I am a PhD student, and I am working with a supervisor who is not expert in my research field. I am wondering what I should do to remedy this.
When I just started out my PhD program, as I was applying for a major government scholarship, I approached my supervisor to give me some guidance on my general research path that I am expected to take through my PhD program, because I needed to write my research proposal to apply for the scholarship. My supervisor gave me a list of papers to read, and the papers were heavily oriented towards deep neural natural language processing models. So I assumed that my supervisor was heavily into the application of deep learning in natural language processing, and so I picked my research direction to be deep learning / natural language processing.
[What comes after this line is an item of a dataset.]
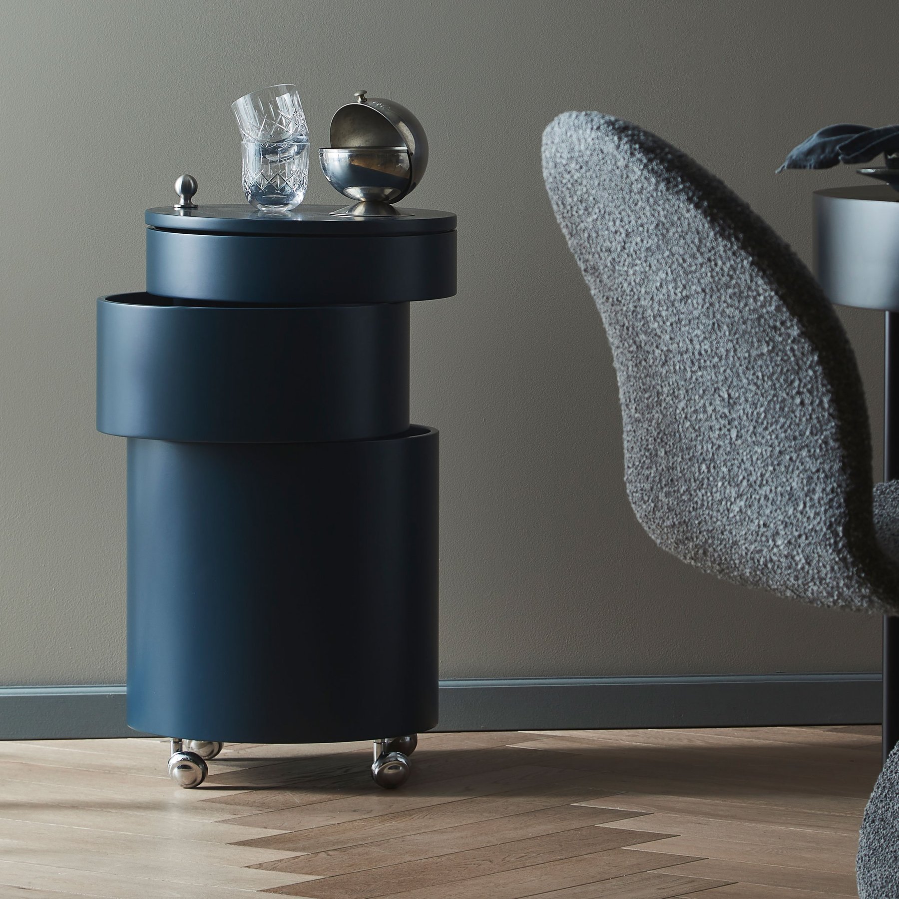 Adaptable side table and mobile storage unit in one. Barboy consists of three oval-shaped drawers, which can be pulled out fully so the whole surface can be used. Barboy is a typical example of Panton’s furniture, in which he combines a matt surface with a shiny chrome handle and wheels, investing the piece with an elegant contrast.

I identified my specific research topic, ran the experiments, and my supervisor and I tried to submit my paper to a computational linguistics conference, which was rejected.
However, as I worked with my supervisor, I realized that my supervisor's field of expertise is application of machine learning in open-ended questions in survey, and that he is not at all an expert in the deep neural language models. He in general lacks the knowledge in deep neural language modeling, and when I worked with him on my first publication, he was not able to provide any guidance/feedback on the design of my experiment or my general approach to the problem. Now I am scared that I picked a research direction that is too deviated from my supervisor's research, and I am keep wondering whether I have to tell my supervisor that I'd rather do the type of research that he is doing. I haven't talked to my supervisor about this, but I am getting an impression that he would most likely to suggest just continue working on the revision of my rejected paper.
Now I am a bit frustrated that my supervisor made me to read deep natural language processing papers when I applied for the scholarship. I think it would have been more reasonable for him to recommend me to read something that is related to his research, which is the statistical analysis of open ended survey questions. When I told him the type of research problem that I would like to work on, he encouraged me to pursue it, but I think it would have been much better if he stopped me at that stage.
Can I still be a successful PhD student if I pursue deep natural language processing on my own without getting much help from my supervisor? I feel very insecure because I suddenly feel like I am taking up on this all by myself without getting any guidance from anyone. Usually students who publish their paper at top computational linguistics conferences/journals are a part of natural lnaguage processing lab lead by a renowned professor in that field. I don't think I can compete against these students who are a part of active natural language processing lab.
Should I try finding external collaborator? or should I just tell my supervisor that I'd rather do the research that is closer from his domain? I feel like I am doomed and I am depressed. If I am to find an external collaborator, I am not sure how to do this since I do not have any personal contact in this field.